Appearance is crucial in such documents. To make the content easily scannable and allow your employees to find the information they need right away, add plenty of headings and sub-headings, use a lot of white space, and add bullet points wherever possible.

Consider this – an employee has a problem or doubts about what they can or cannot do. They decide to open the employee handbook. If it’s a document with little white space and poor format, they’ll spend forever trying to find the information they need. If you have headings and bullet points, this will be much easier.

5. Edit It Regularly

This isn’t a one-time task. Many companies use the same handbook without changing anything for years, if not decades. What worked before might not work now. Employers change their expectations, and so do the employees. Not to mention, laws and policies change. You might have forgotten to add something before or decided to make exceptions.
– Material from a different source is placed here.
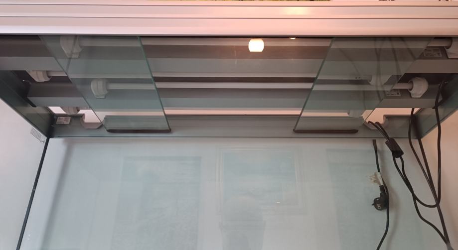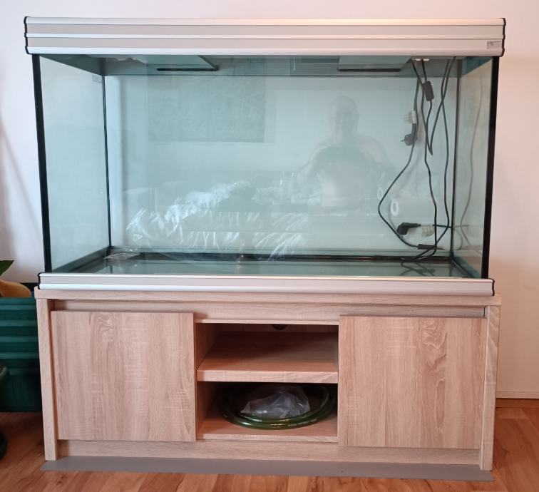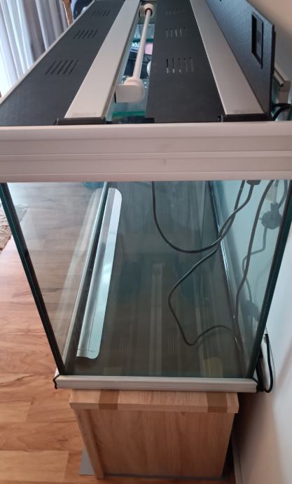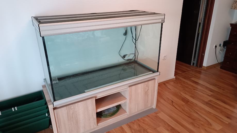 Aquarij je sa original lijepim aluminijskim dekorativnim poklopcem, 4 ugrađene lampe te pripadajućim cijevima. Sa aquarijem dajem filter /AHEIM Professional 250 / također nikada korišten te novo postolje (ormarić) posebno iznutra ojačan radi velikog tereta.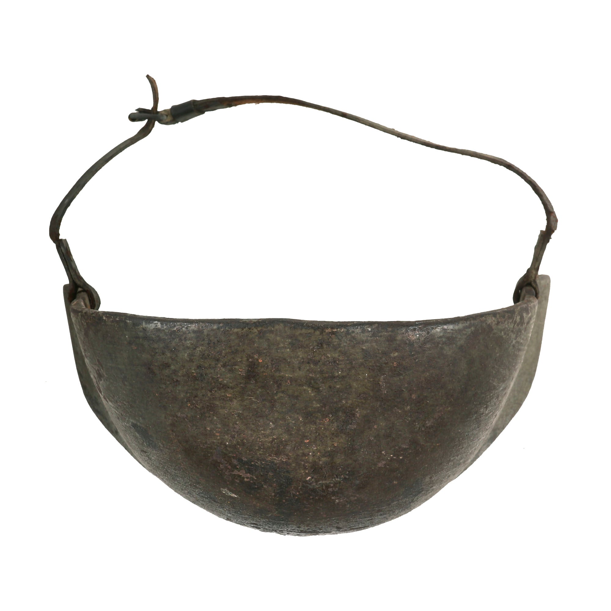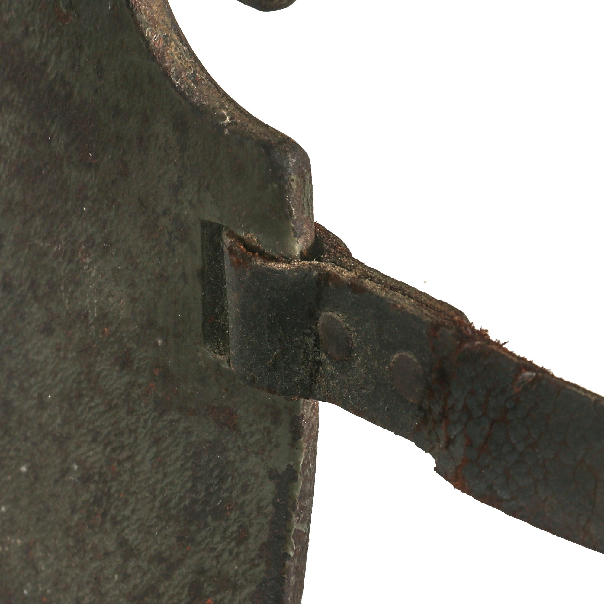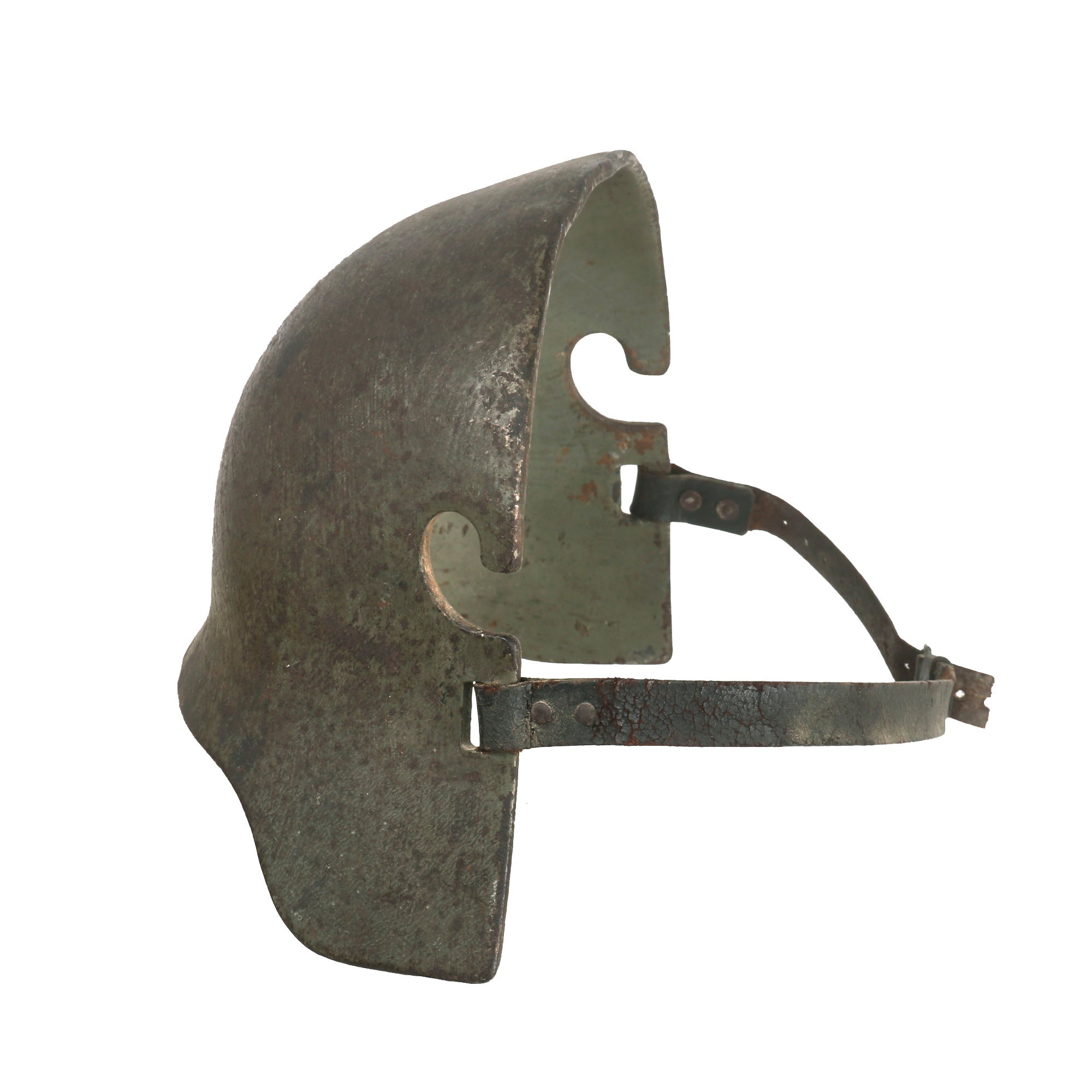 Original Item. Only One Available. One piece of Imperial German militaria which has become increasingly difficult to authenticate in recent years is the Stirnpanzer, or Brow Plate. The Stirnpanzer has received many nicknames over the years including the Machine Gunner’s Plate, Sniper’s Plate, and Sentry Plate. Due to the high price these plates have brought, they have become increasingly reproduced over the years, and people have, of course, made attempts to artificially age & sell them as originals. This example is what many would refer to as a hen’s tooth, a completely genuine example that retains its “Bell” marking, indicating manufacture by R. Lindenberg A.G. of Remscheid-Hasten, and most of its original strap.

The employee handbook is a formal document that everyone has access to and has to respect. As such, it must always include relevant, updated information. This will gain you more respect from your employees and help you avoid endless problems.

To be on the safe side, schedule periodic reviews of your handbook. Take notes when you have changes you’d like to add to them and return to those notes during these reviews. When reviewing the handbook, take your time to look at laws that might have changed since the last update. Laws change constantly, so you might want to consult your legal team to avoid making mistakes and costly lawsuits.

Final Thoughts

Do you already have an employee handbook? If you do, does it have everything on this list? Do you have the relevant information in it and keep it updated?

Go through these tips again and figure out what your handbook is missing. Take care of it as soon as possible, and make sure it is available to your team whenever they need it.